● Task goal:
What you write should be an exact repeat of the lines from the one with "泊 詩穂子さんの総格は42画の3点!" through the final line below, minus the pictures.

(Dataset entries)
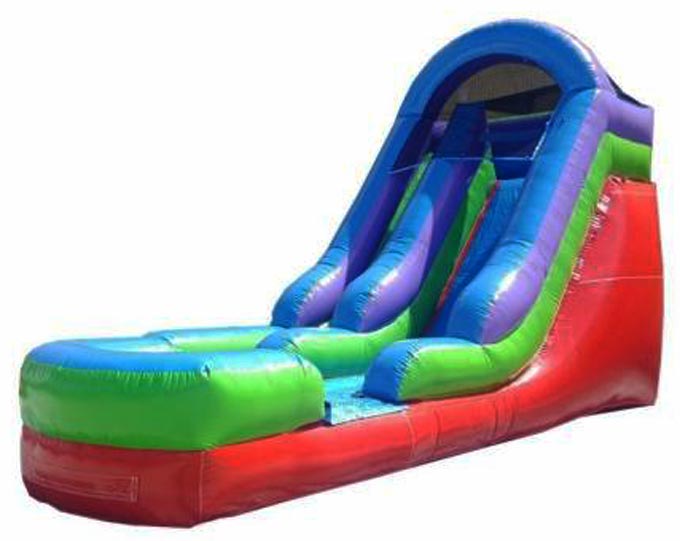 This is a 15' single lane slide that is geared more towards the younger kids. If you need a slide for children ages 5 and under then this is a good option for you! (DRY OR WET)9’ wide x 27’ long x 15’ tall
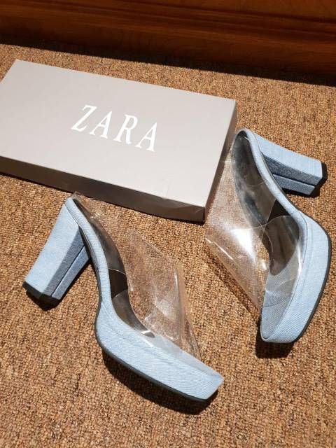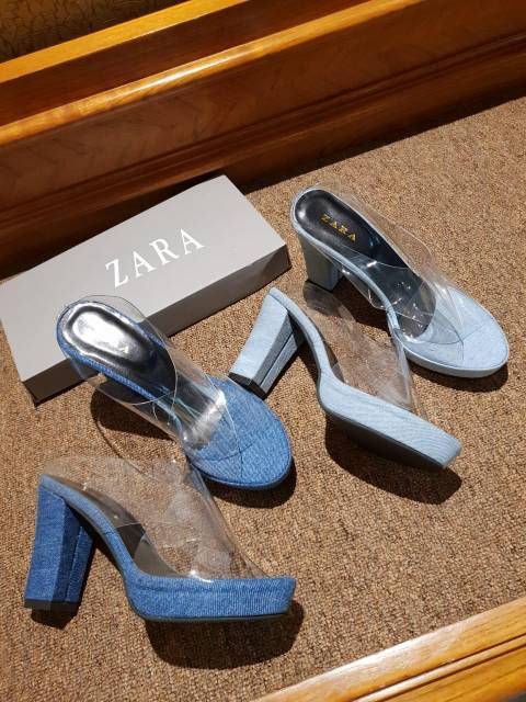 GRATIS ONGKIR DENIM JEANS HIGH HEELS CHUNKY 8,5CM ZARA P2487
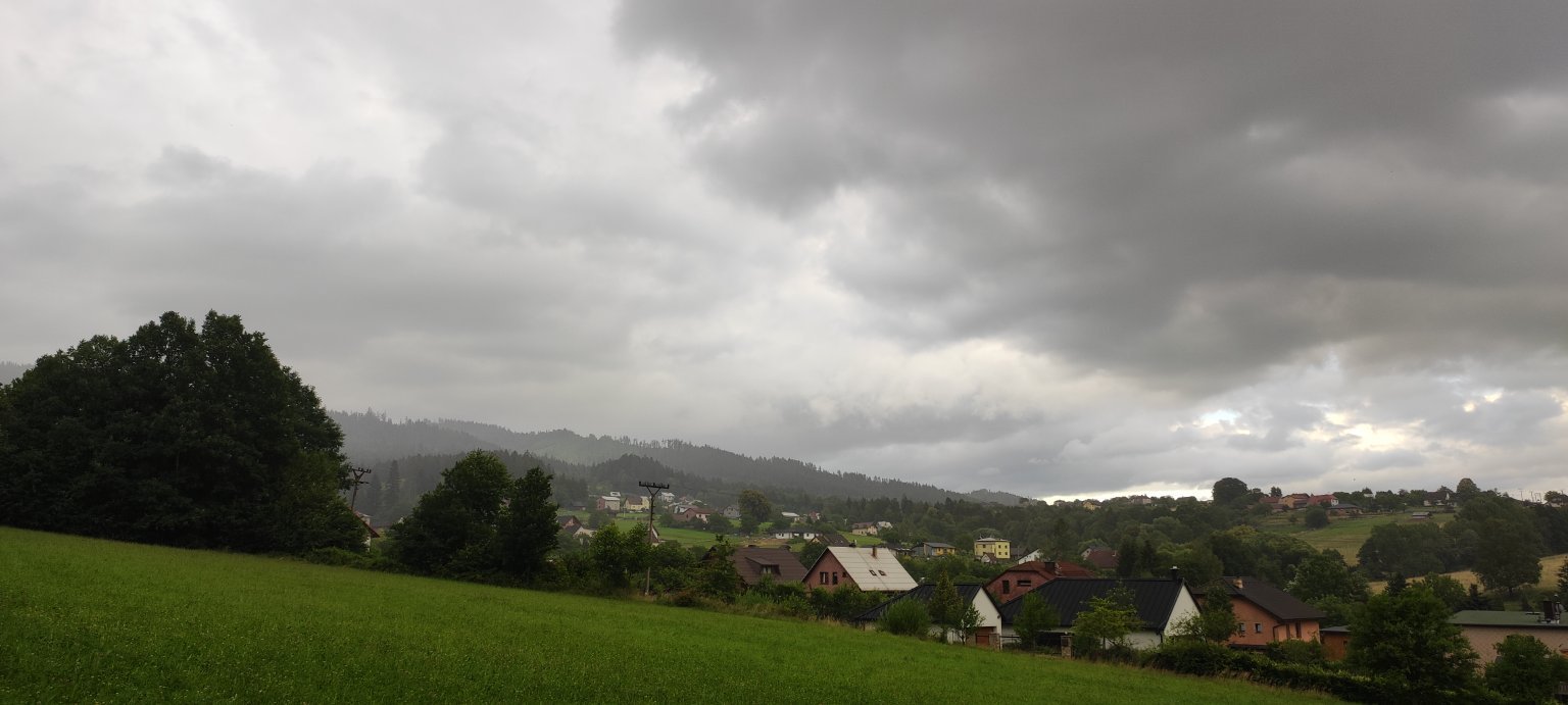 13,5°C, Slabá dešťová přeháňka. Déšť zesiluje, je to na hraně mrholení, ale kapičky jsou stále ještě celkem velké.
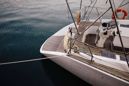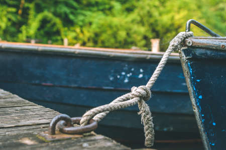 The yacht is tied with a blue rope to the shore on the pier. Copy space
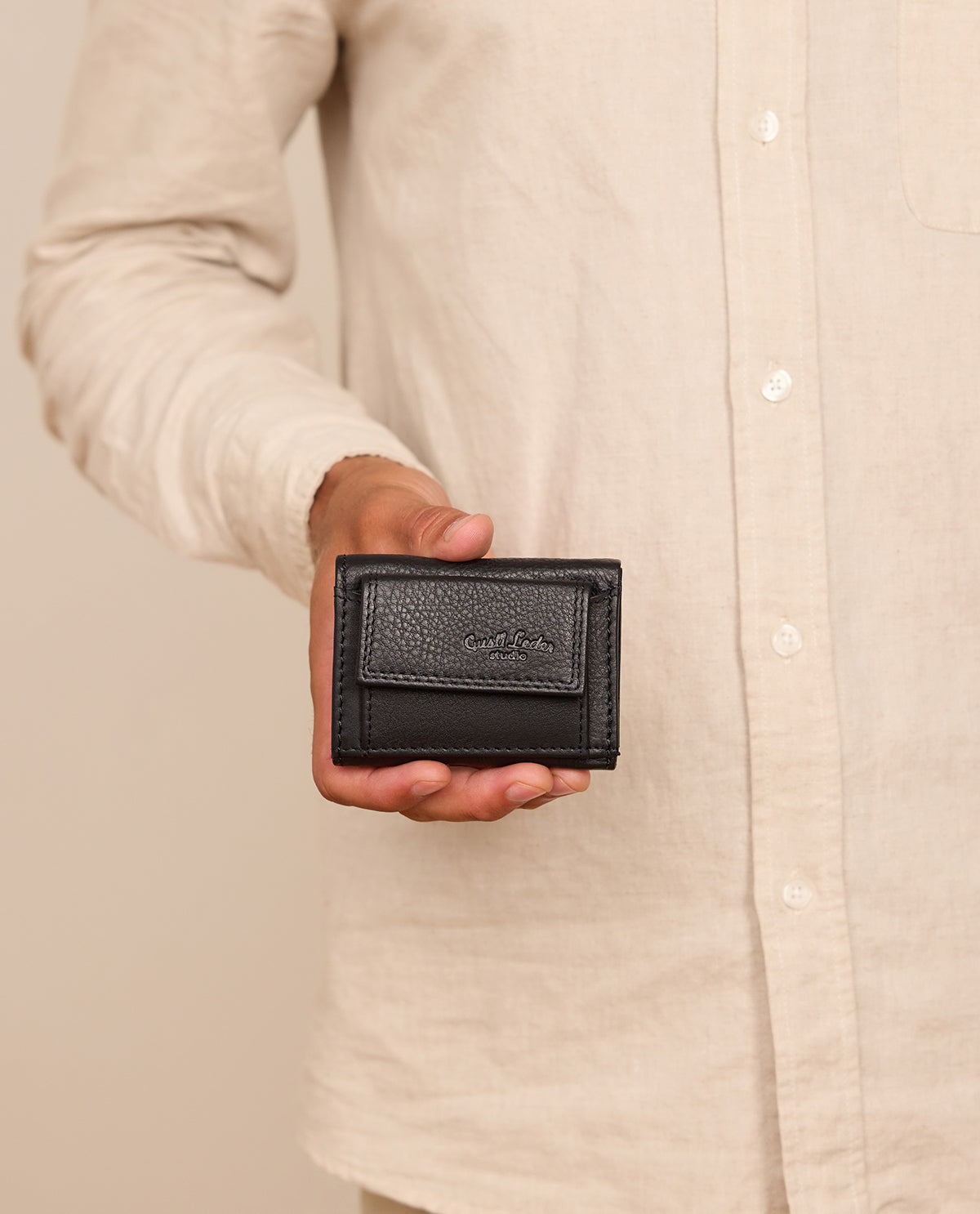 Das "Ronald" Das Portmonnaie aus hochwertigem, schwarzem Leder ist der perfekte Begleiter für Deinen Alltag. Mit seinem eleganten Design und der durchdachten Funktionalität vereint es stilvolle Optik mit praktischer Nutzung. Die edle schwarze Farbe und das feine Leder machen das Portmonnaie nicht nur zu einem funktionalen Accessoire, sondern auch zu einem Statement für Deine persönliche Eleganz.
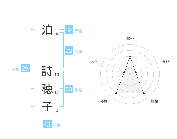 泊 詩穂子さんの総格は42画の3点!
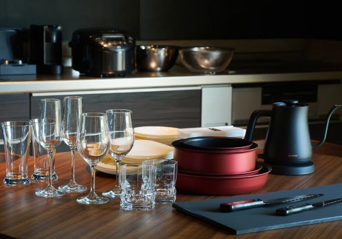 島の商店で、明日葉やくさやなど、お部屋でお料理をしたい方も多く、キッチンや調理器具も

● Reply:
 泊 詩穂子さんの総格は42画の3点!
 島の商店で、明日葉やくさやなど、お部屋でお料理をしたい方も多く、キッチンや調理器具も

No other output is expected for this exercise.